Markers of Retinopathy and Neuropathy
Protein and mRNA levels of both bFGF and GFAP (Fig. 4)were elevated in the diabetic groups compared with the control animals. Protein levels of PKCα increased significantly in the experimental groups, and activated caspase-3 levels were also elevated in diabetes (Fig. 4) , but levels of both substances were unchanged in the hippocampus (results not shown). Cells staining prominently for TUNEL were very few in number, with the most evident TUNEL staining in the photoreceptor layer (Fig. 5) . Some very weakly stained TUNEL cells appeared also in the inner retinal layers of diabetic animals (Fig. 5) . In addition, ERG measurements showed significant reduction in oscillatory potentials, a measure of inner retinal function, in the diabetic rats (P < 0.001). The b-wave amplitude was also reduced, probably representing a loss of the oscillatory potentials at the peak of the b-wave, but the change was not significant (P = 0.1), and the a-wave amplitude was unchanged, indicating that cataract did not reduce the amount of light reaching the retina sufficiently to produce a submaximum response (Fig. 6)
Discussion
In this investigation, neither MCT proteins or mRNA levels in the retina were significantly affected in the diabetic group. This was somewhat surprising, because MCT1 has been shown to be altered in the brain within hours by ischemia 26 and after 6 weeks in diet induced-ketosis, 27 both of which conditions reflect some aspects of the diabetic process in the retina. In addition, it was also recently reported that lactate levels are decreased in the diabetic retina (Ambrosio AF, et al. IOVS 2004;45:ARVO E-Abstract 3222). It is possible that changes caused by these factors were altered by other manifestations associated with diabetes but absent in models of ischemia or ketosis (for example, elevated glucose) which may produce counterregulatory influences on the transcription and translation of the MCTs. In this study, rats were kept diabetic for 10 weeks to allow the development of diabetic retinal neuropathy described by other investigators, 31 and it is possible that MCTs were altered earlier in this model and were normalized by the 10-week endpoint. However the lack of change in MCT expression in the retina in diabetes reflects findings from previous work in diabetic muscle. 36 These findings do not rule out the possibility that a retinal failure in MCT regulation contributes to retinal damage. However, this possibility is less likely, given the findings in the hippocampal sections, where similar expression profiles were found. 

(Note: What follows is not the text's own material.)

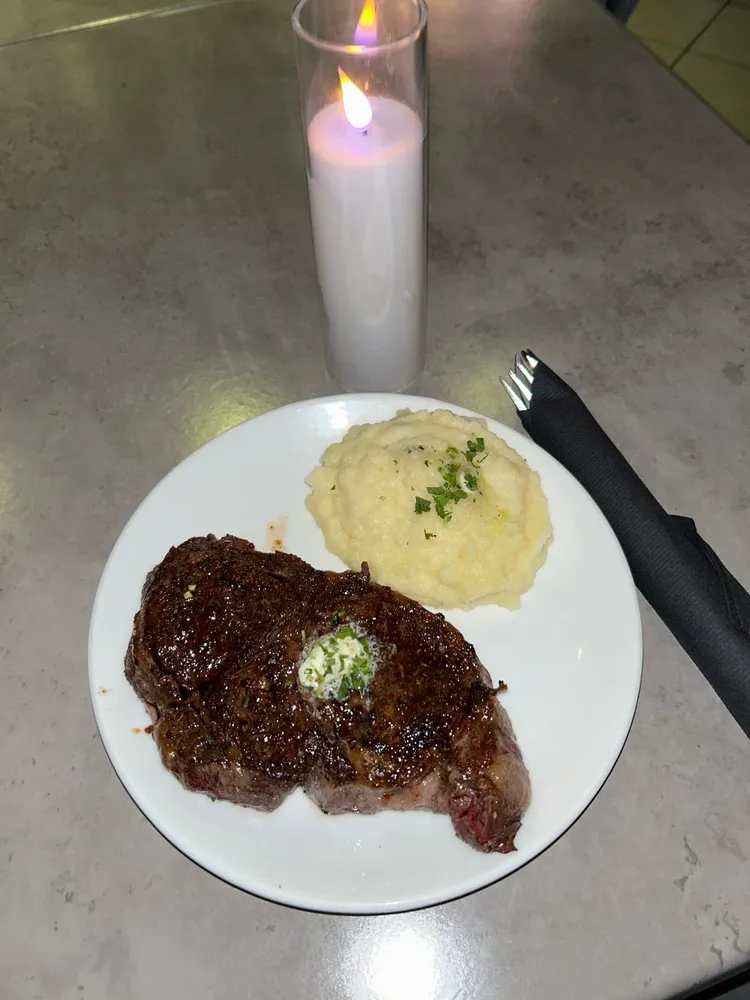 An 8oz. juicy ribeye expertly seasoned and grilled to perfection. Served with your choice of two sides.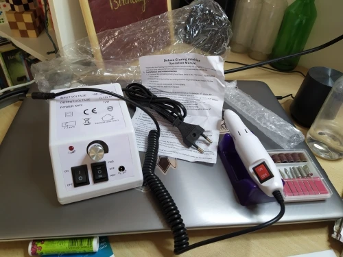 Упаковка была на удивление легкой. Корпус машины и все остальное изготовлены из пластика. Хорошо упаковано. Отлично работает. Несколько переключателей помогают в соответствии с ситуацией, в которой вы хотите выключить устройство. Кончики для маникюра также работают хорошо, в соответствии с качеством продукта.

The rats in the diabetic group displayed the classic signs of polyuria, polydipsia, and cataract at the end of the experiment. Blood glucose elevations were significant, and consistently elevated blood glucose concentrations were noted over the 10 weeks. In addition, the rats showed elevations in bFGF, PKCα, and GFAP in the retina. bFGF, an important factor associated with CNS injury and angiogenesis, is thought to be a causative factor in the progression of proliferative diabetic retinopathy, 37 but it also exhibits potent neuroprotective properties. 38 It has been suggested that its release in diabetes is a response to diabetic retinal insult, 1 and work in our laboratory supports this finding (Layton CJ, unpublished data, 2004). PKCα is a substance involved in second-messenger signal transduction and is heavily expressed in rod bipolar cells and characteristically upregulated in the diabetic retina. In diabetes, it both induces and is induced by angiogenic substances such as vascular endothelial growth factor (VEGF), 39 and the changes shown in the current study may therefore indicate a change in rod bipolar function in diabetes. GFAP is a marker of glial cell activation that appears between 2 and 6 months after the onset of diabetes and has been used by other investigators as an endpoint in evaluating treatments of diabetic retinopathy. 40 Together, these three findings indicate that the diabetic process was well established in the retina at a point when the MCT levels seemed stable. 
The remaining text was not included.